The Champagne Backpacker: Michael's Round the World Trip 2005-2007-- The Adventure of a Lifetime travel blog

Photos from Ras Mohammed National Park

The Bustling Port of Sharm el-Sheikh

Dive Master Helge and Yolanda's Reef

Divers Exit Yolanda's Reef

Ras Mohammed National Park


Friday, September 9. Sharm el-Sheikh, Egypt. Only an hour and half south of Dahab on the southern tip of the Sinai peninsula, Sharm el-Sheikh is largely a package tourist (upscale) resort town. It was developed by the Israelis when they occupied the Sinai after the 1967 war. (Under the 1978 Camp David Agreement, Israeli withdrew from the Sinai in return for peace with Egypt.) Many of the resorts occupy stretches of private beach on Na'ama Bay. It's definitely not a backpacker destination like Dahab. My only reason for coming here is to arrange for some dives in the nearby Ras Mohammed National Park. Coincidentally, my hotel recommend Orca Dive Club, the same club I dived with in Dahab. I made arrangements for two dives tomorrow.

Saturday, September 10. Ras Mohammed National Park, Egypt. Ras Mohammed National Park is on the southern most tip of the Sinai Peninsula, where the Gulf of Suez and the Gulf of Aqaba meet the Red Sea. The Egyptian government declared it a national park in 1988. My dive master, Helge from Germany, and I planned two dives at Shark Reef and Yolanda's Reef. It was great that I was diving solo with the dive master as usually there are four or five other divers per dive master. We met our boat, Ito Tours, at the Sharm el-Sheikh port. It was the busiest and most chaotic port I have ever seen—hundreds of divers, snorkellers, and sightseers each trying to find their boat while dive gear and scuba tanks were being delivered. There were no assigned slips, so boats jockeyed for position in the small harbor. Our boat only had a dozen divers and three dive masters. It was a large boat with ample room for everyone to laze about as we motored out to Ras Mohammed. The other divers were mostly European men and women: British, Italian, German, and Spanish. I was the only American.

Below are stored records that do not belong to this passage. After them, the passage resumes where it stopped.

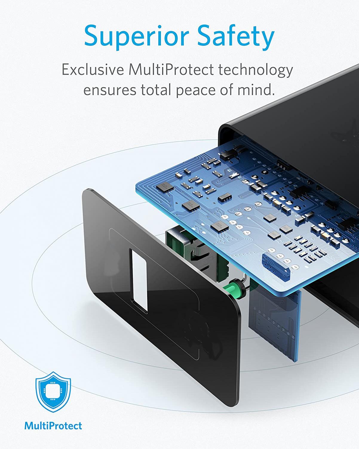 - Multiple built-in safeguards (CE/ FCC/ RoHS/UL certification) and intelligent IC s technology protect against short circuit, over-current, over-voltage, over-heating, and over-charging.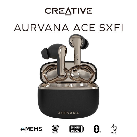 このSuper X-Fi技術を完全ワイヤレス イヤホンのコアにシームレスに統合したCreative Aurvana Ace SXFIは、内蔵Super X-FiによってあらゆるBluetooth(R) ワイヤレス オーディオや各種ストリーミング プラットフォームで提供される音楽や映像コンテンツで、Super X-Fi 空間オーディオによる没入感のあるオーディオ体験がお楽しみ頂けます。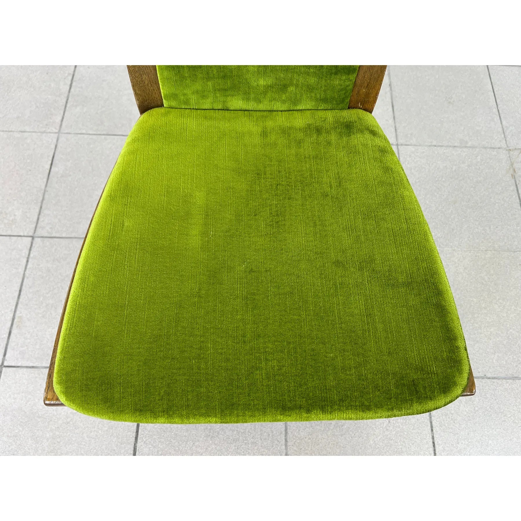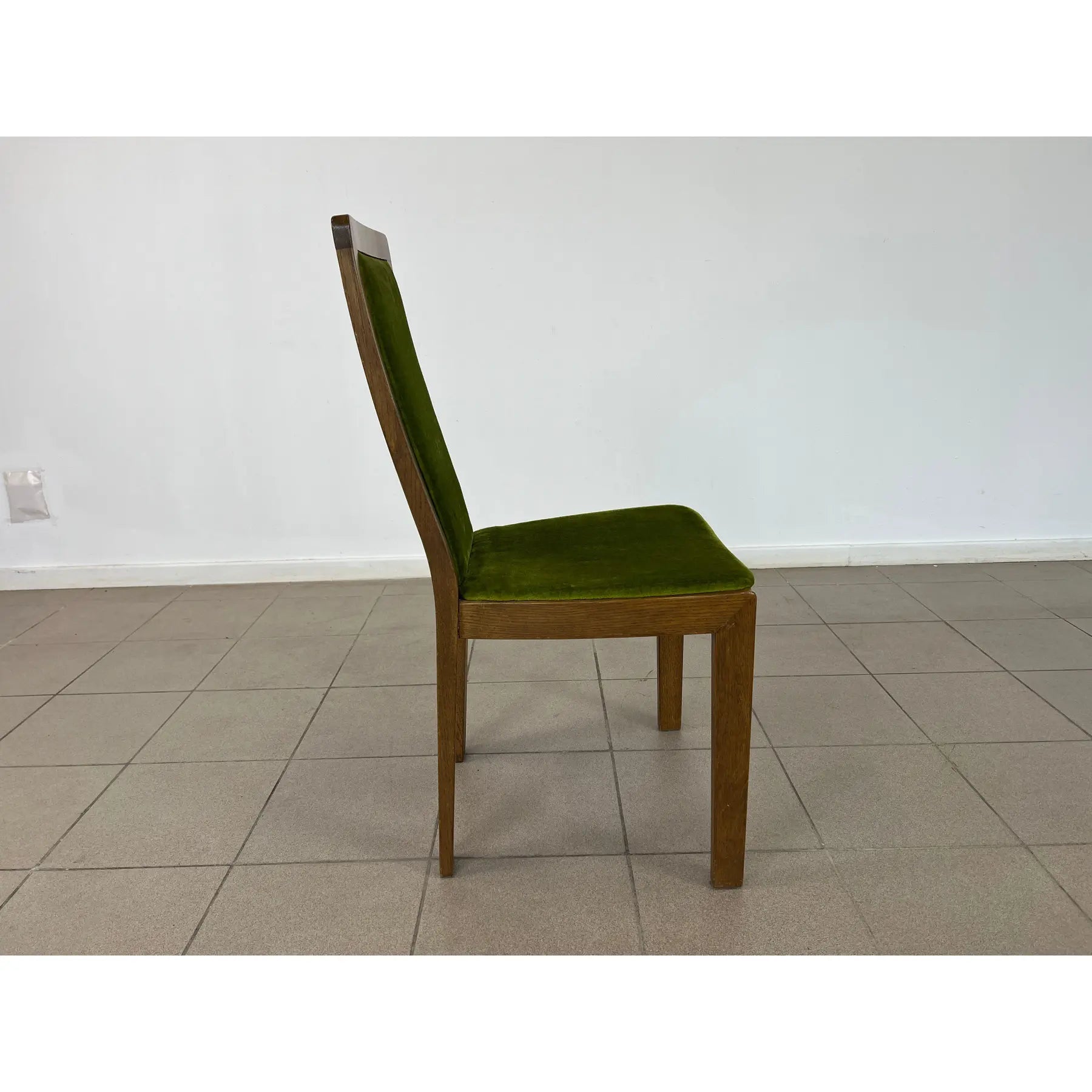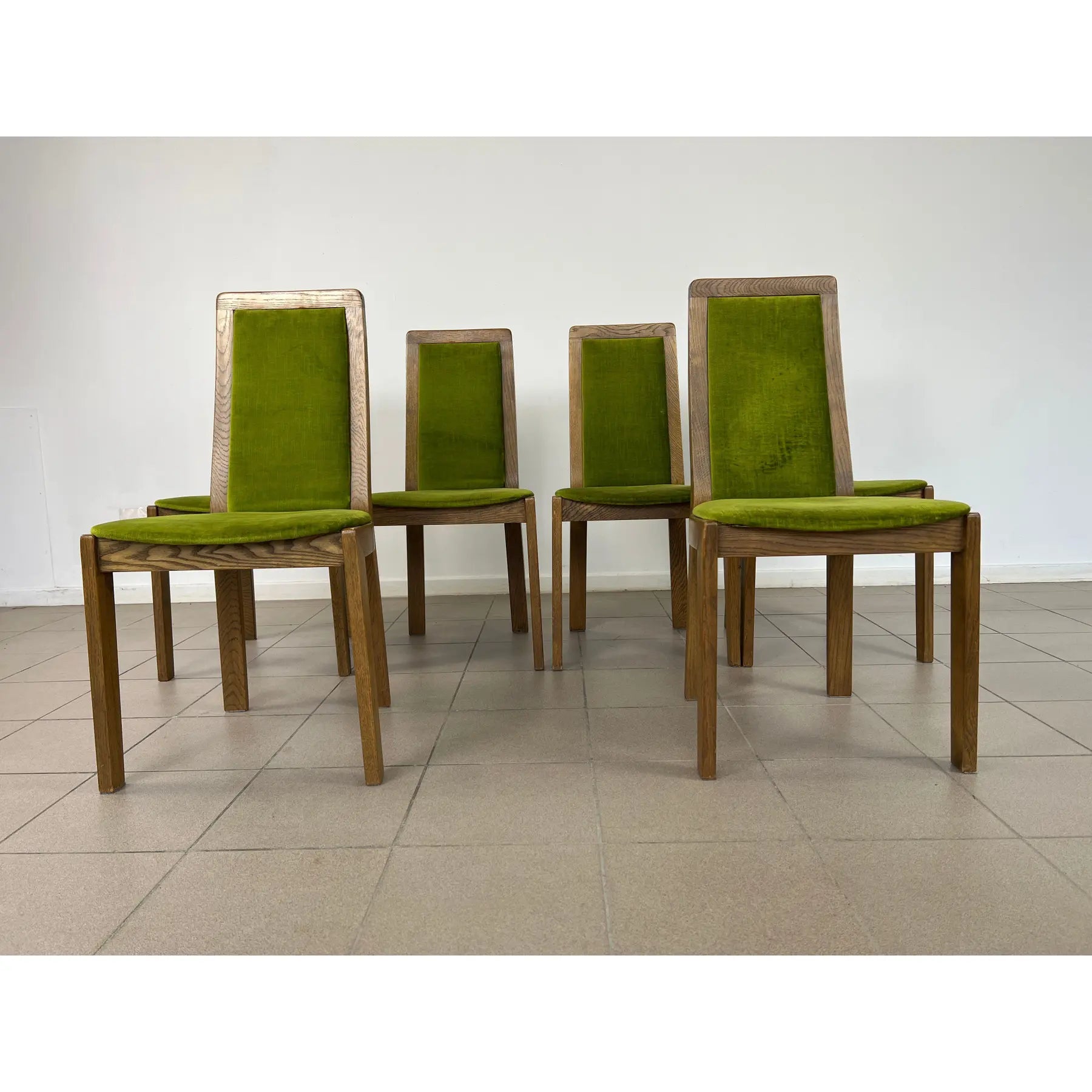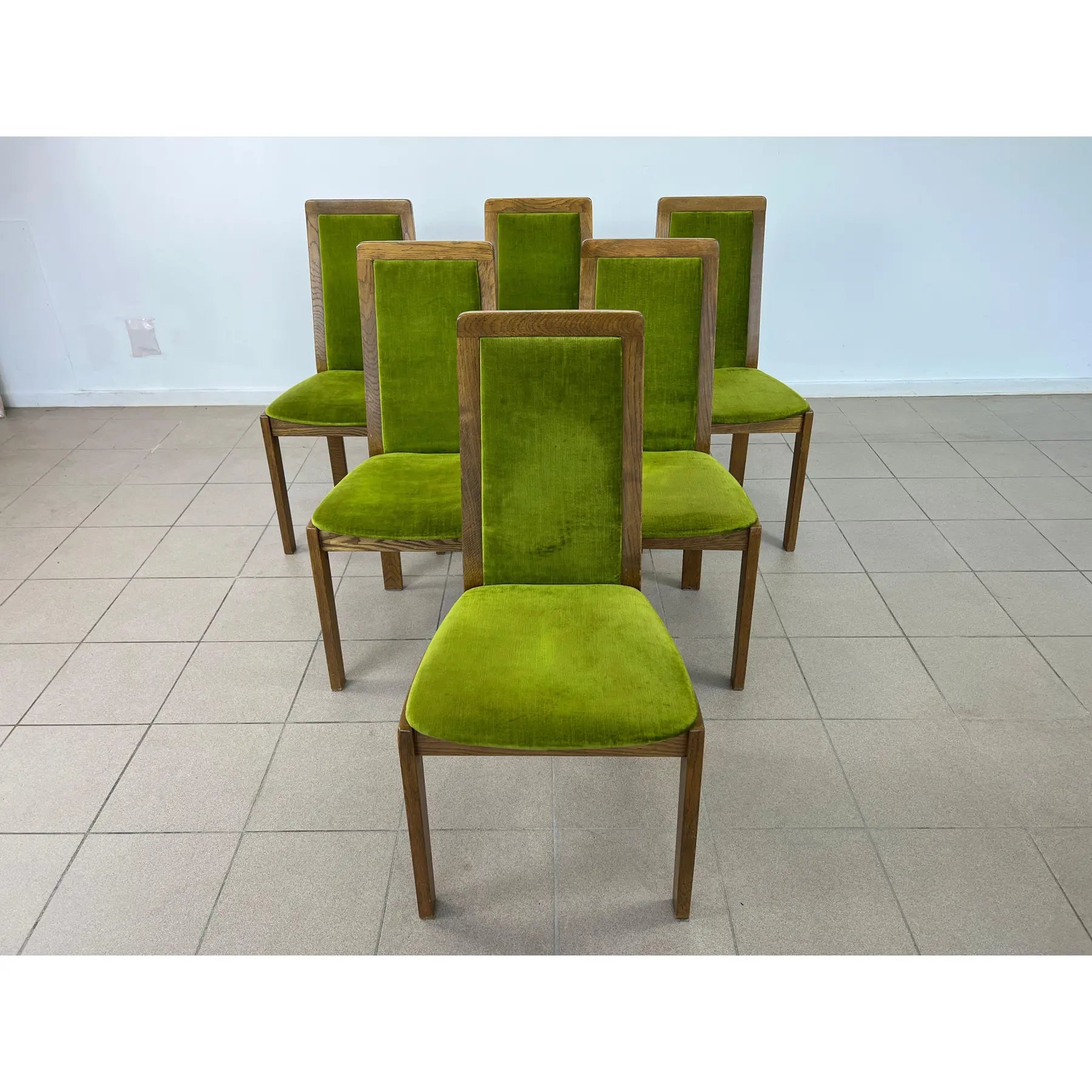 Set of 6 Mid-Century Modern Scandinavian dining chairs with high backs. Upholstered in original green mohair type fabric. Solid wood frames and legs. The chairs have straight, brutalist clean lines typical of mid-century design. A wonderful addition to your interior.

Shark Reef and Yolanda's Reef are adjacent to each other. I did two drift dives beginning at Shark Reef and ending at Yolanda's Reef. Similar to Dahab, the reefs extend from land about a hundred meters before dropping steeply off into the depths of the Red Sea (up to 1800 meters). Unfortunately, I didn't see any sharks at Shark Reef, although Helge said he sees sharks there about 70 percent of his dives, usually feeding amongst schools of barracuda. We did our best to search for the barracuda and sharks, but no luck. There were, however, lots of fish and coral in a rainbow of colors—purple, blue, red, orange, green, yellow. Visibility was very good. The clarity of Red Sea is due in part to the lack of rain which results in very little run off flowing into the waters. As we circled Yolanda's Reef, one of the strangest sights of the dive came into view: Dozens of toilets strewn about on the reef. Yolanda's Reef is so named because a boat named Yolanda sank here with its cargo of toilets. Between my two dives, a huge manta ray and a pod of dolphins did a swim by and greeted our boat. What a treat! I'm glad I decided stop in Sharm to do these dives. Helge highly recommended that I dive the Thistlegorm, the prized wreck of the Red Sea. It was a British ship that sank with a cargo of tanks, motorcycles, bombs, and other war related cargo. The famed French undersea explorer, Jacque Cousteau, discovered the wreck in the 1950s, and it was rediscovered by members of Helge's German dive club in 1993. I decided to save the dive for a return trip.

Sunday, September 11. Sharm el-Sheikh, Egypt. In light of how few tourists there were in Dahab, I expected Sharm el-Sheikh to also be quiet, particularly since it was here in late July where over 80 people died from three near simultaneous bombings. That was not the case. During the day, tourists relaxed at their resort beaches; At night, the streets were busy with people walking, eating, drinking, and smoking sheesha pipes. (Interestingly, many tourists are coming from Russia as I heard Russian being spoken and saw quite a number of menus in Russian.) According to Helge (my dive master), for three weeks immediately after the bombings, the city was quiet. Since then, tourism has picked up, although hotels and restaurants were clearly not full. Sharm is a large, commercial and package tourist resort town. It caters primarily to families (Egyptian and foreign) and couples. Personally, I preferred Dahab over Sharm for its smaller, more laid back atmosphere. But the diving in Ras Mohammed National Park definitely makes a stop in Sharm worthwhile.